• PROBLEM:
Your copy starts at the line containing "典曼家纺 2026新款纯棉花卉系列全棉印花四件套 清珞-灰" and ends at the last line below. Copy exactly, without pictures.
------------------------------------------------
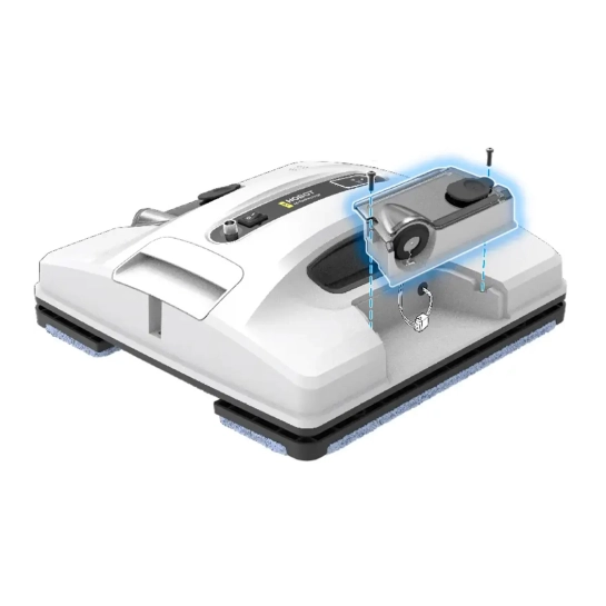 Робот для мытья окон Hobot 2s часто работает на большой высоте, поэтому для его дополнительной защиты есть несколько механизмов. Кабель питания крепится к корпусу прочным коннектором, который не отпадет при движениях. Также есть специальный страховочный трос, который предотвратит падение робота.
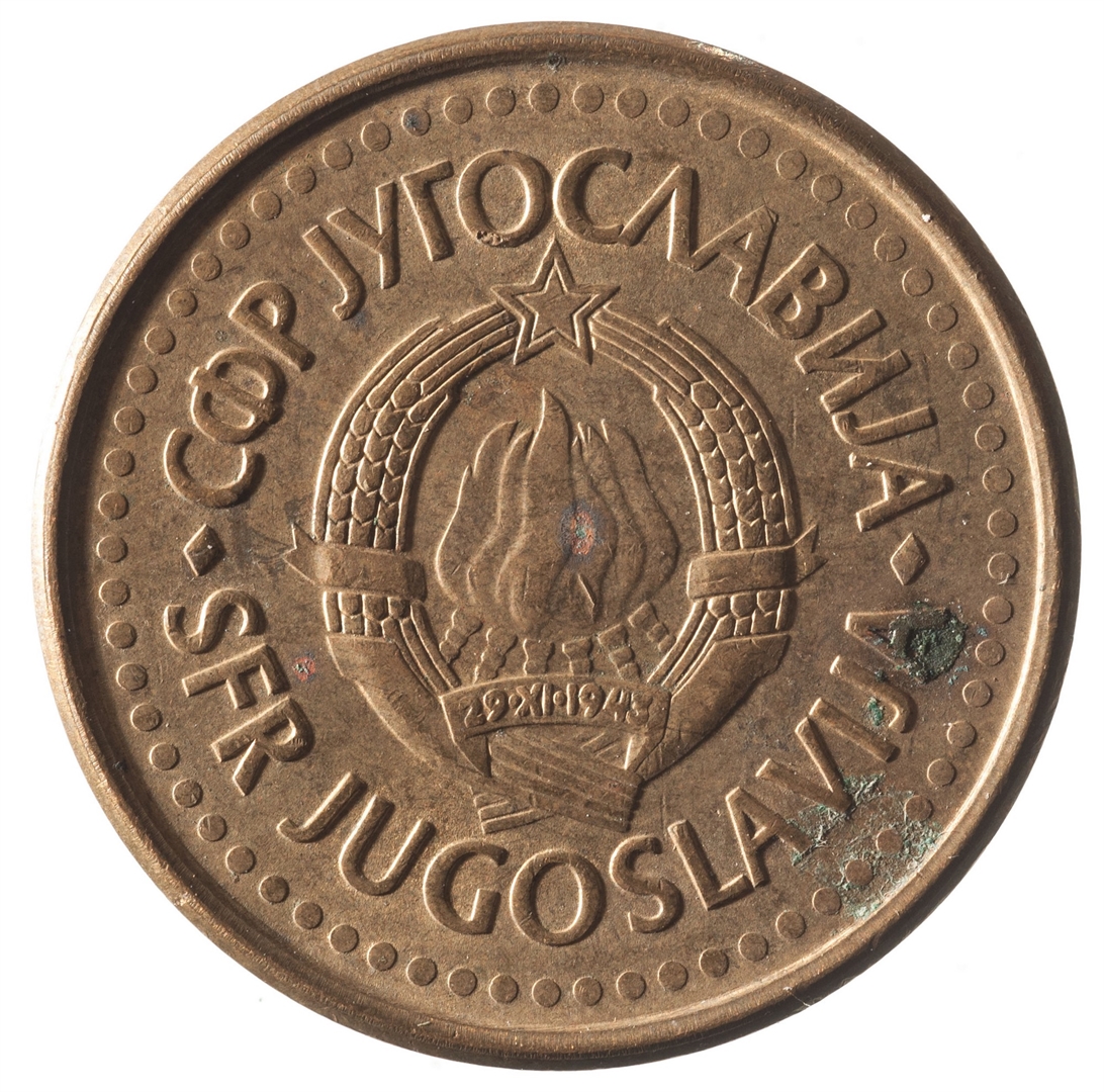 U sredini državni grb. U oko njega uz rub polukružno napisan tekst SFR JUGOSLAVIJA na latinici i ćirilici.
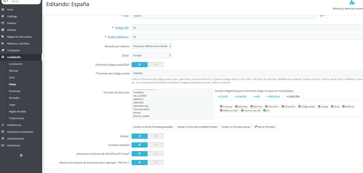 • Busca el país de tu tienda y pulsa el botón de modificar
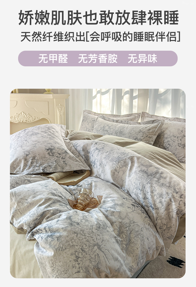 典曼家纺 2026新款纯棉花卉系列全棉印花四件套 清珞-灰
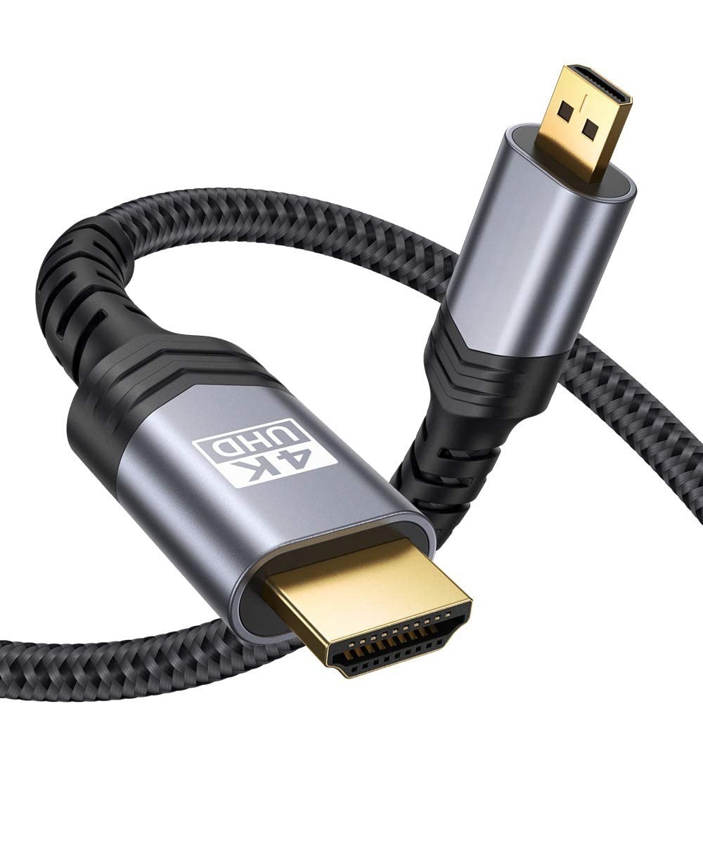 Micro HDMI Male to HDMI Male Cable Adapter Nylon Braided Support 4K@60Hz HDR 3D ARC 18Gbps Compatible with Sport Camera, Sony A6000 A6300 and More
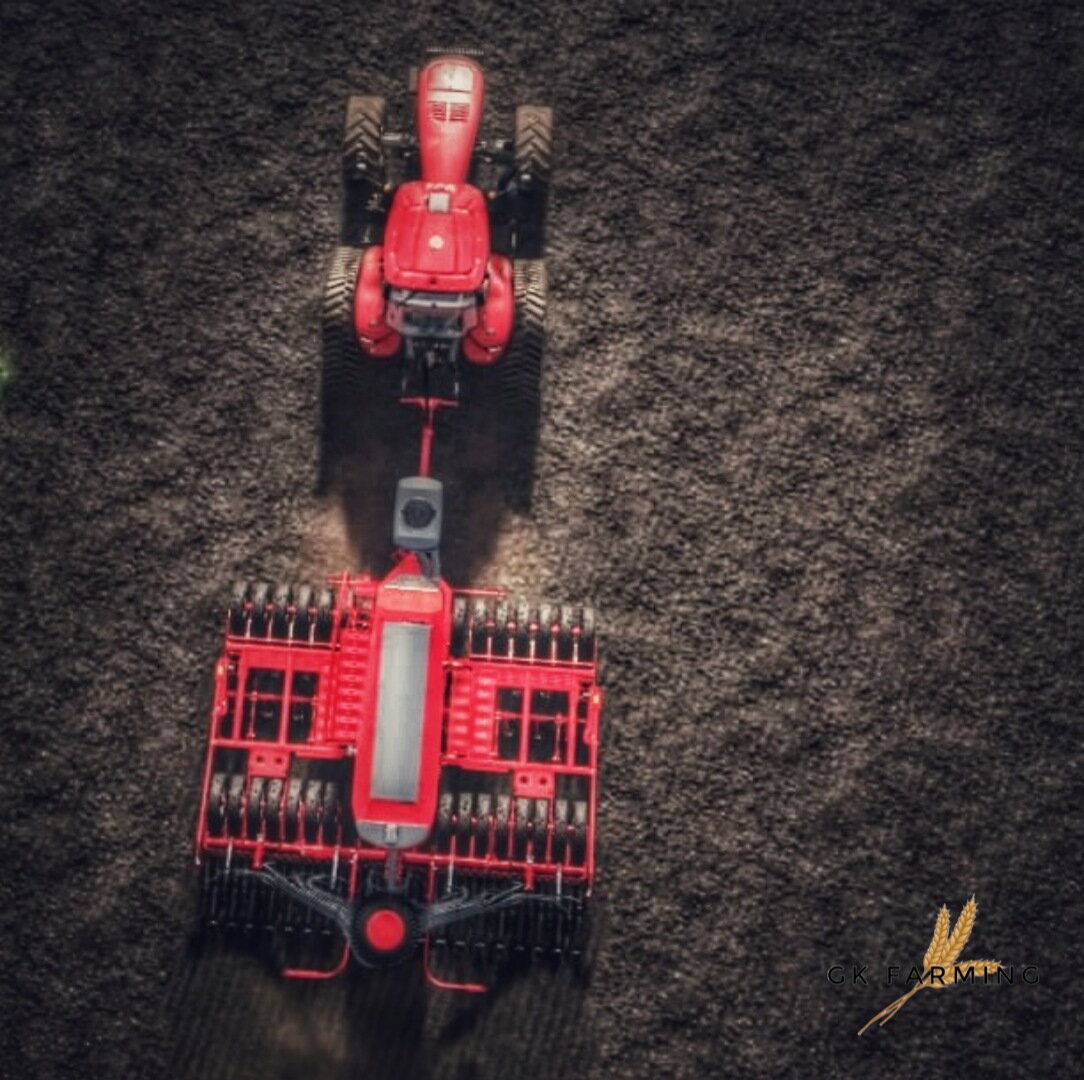 Wieder verfolgt von unserer Drohne bereite ich ein nicht nur weiter belüftetes, sondern vor allem auch ebenes Saatbett vor.
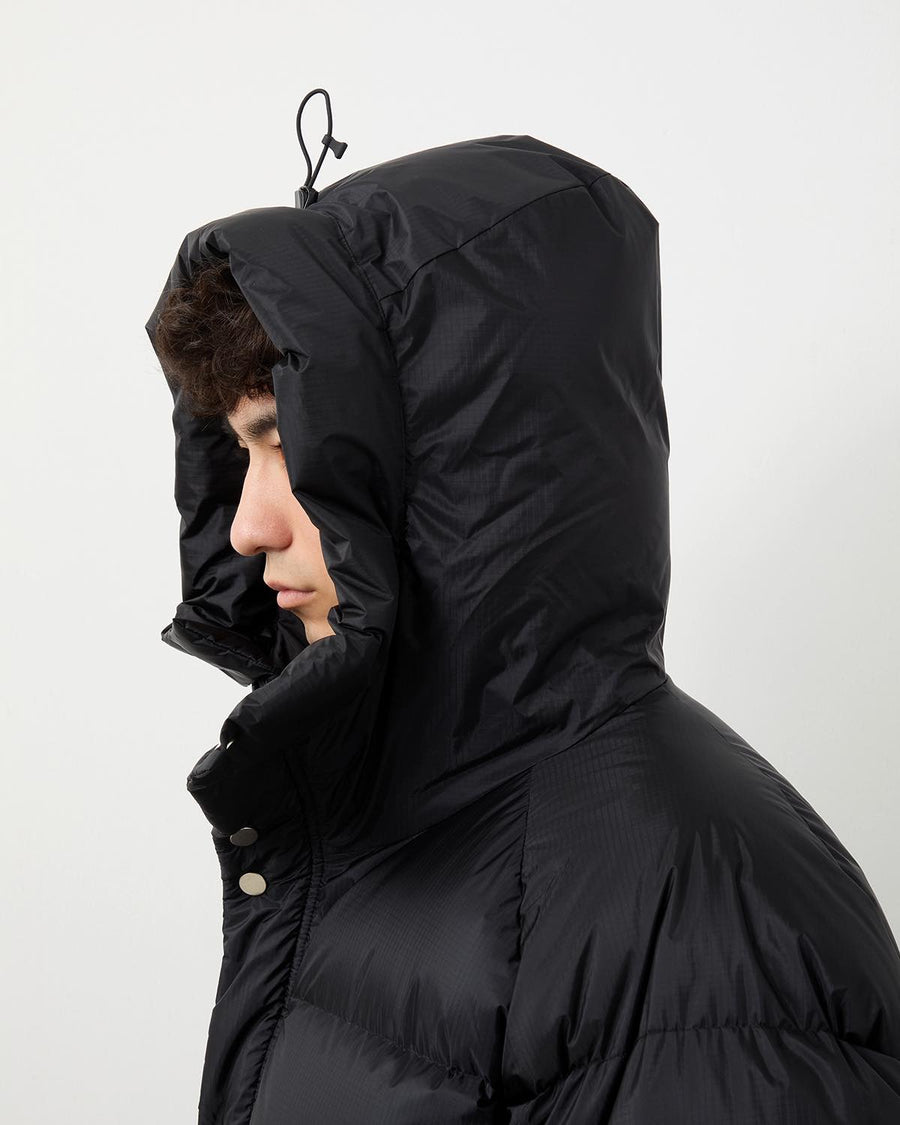 This down jacket from the AUTUMN & WINTER 2025 COLLECTION is crafted from crisp, lightweight nylon ripstop, updating a classic design with modern materials and a contemporary silhouette.
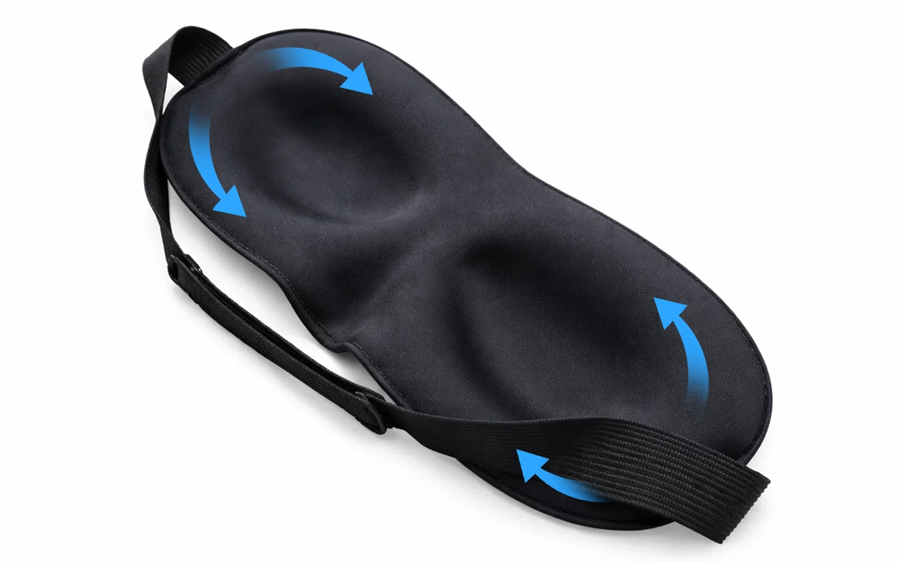 I love that it doesn’t sit flat on my eyes. The little space makes it feel light while still blocking light from the sides and around my nose.
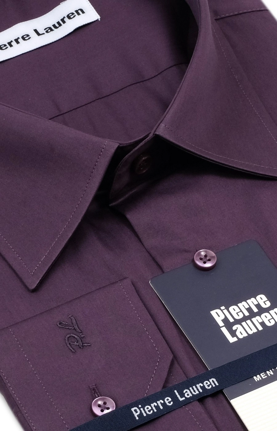 Мужская рубашка c длинным рукавом Pierre Lauren фиолетового цвета. Манжеты под пуговицу, один накладной карман на груди Полноразмерная модель на высокий рост. Воротник классический острый на одну пуговицу.
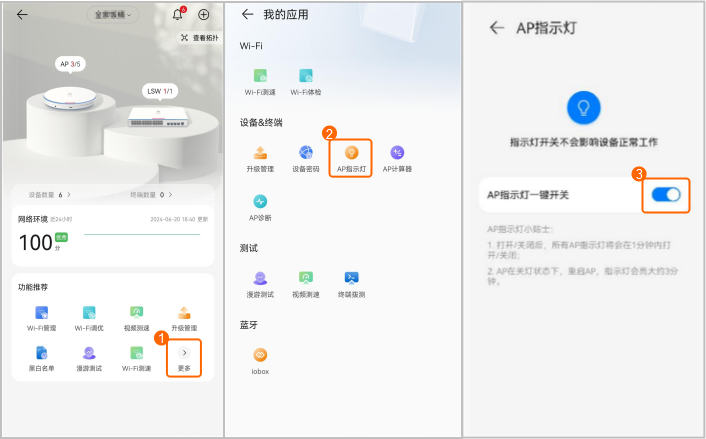 AP指示灯:打开或者关闭AP指示灯,通过打开或者关闭AP指示灯可以快速找到AP所在的位置 。
------------------------------------------------
• RESULT OF THIS EXERCISE:
 典曼家纺 2026新款纯棉花卉系列全棉印花四件套 清珞-灰
 Micro HDMI Male to HDMI Male Cable Adapter Nylon Braided Support 4K@60Hz HDR 3D ARC 18Gbps Compatible with Sport Camera, Sony A6000 A6300 and More
 Wieder verfolgt von unserer Drohne bereite ich ein nicht nur weiter belüftetes, sondern vor allem auch ebenes Saatbett vor.
 This down jacket from the AUTUMN & WINTER 2025 COLLECTION is crafted from crisp, lightweight nylon ripstop, updating a classic design with modern materials and a contemporary silhouette.
 I love that it doesn’t sit flat on my eyes. The little space makes it feel light while still blocking light from the sides and around my nose.
 Мужская рубашка c длинным рукавом Pierre Lauren фиолетового цвета. Манжеты под пуговицу, один накладной карман на груди Полноразмерная модель на высокий рост. Воротник классический острый на одну пуговицу.
 AP指示灯:打开或者关闭AP指示灯,通过打开或者关闭AP指示灯可以快速找到AP所在的位置 。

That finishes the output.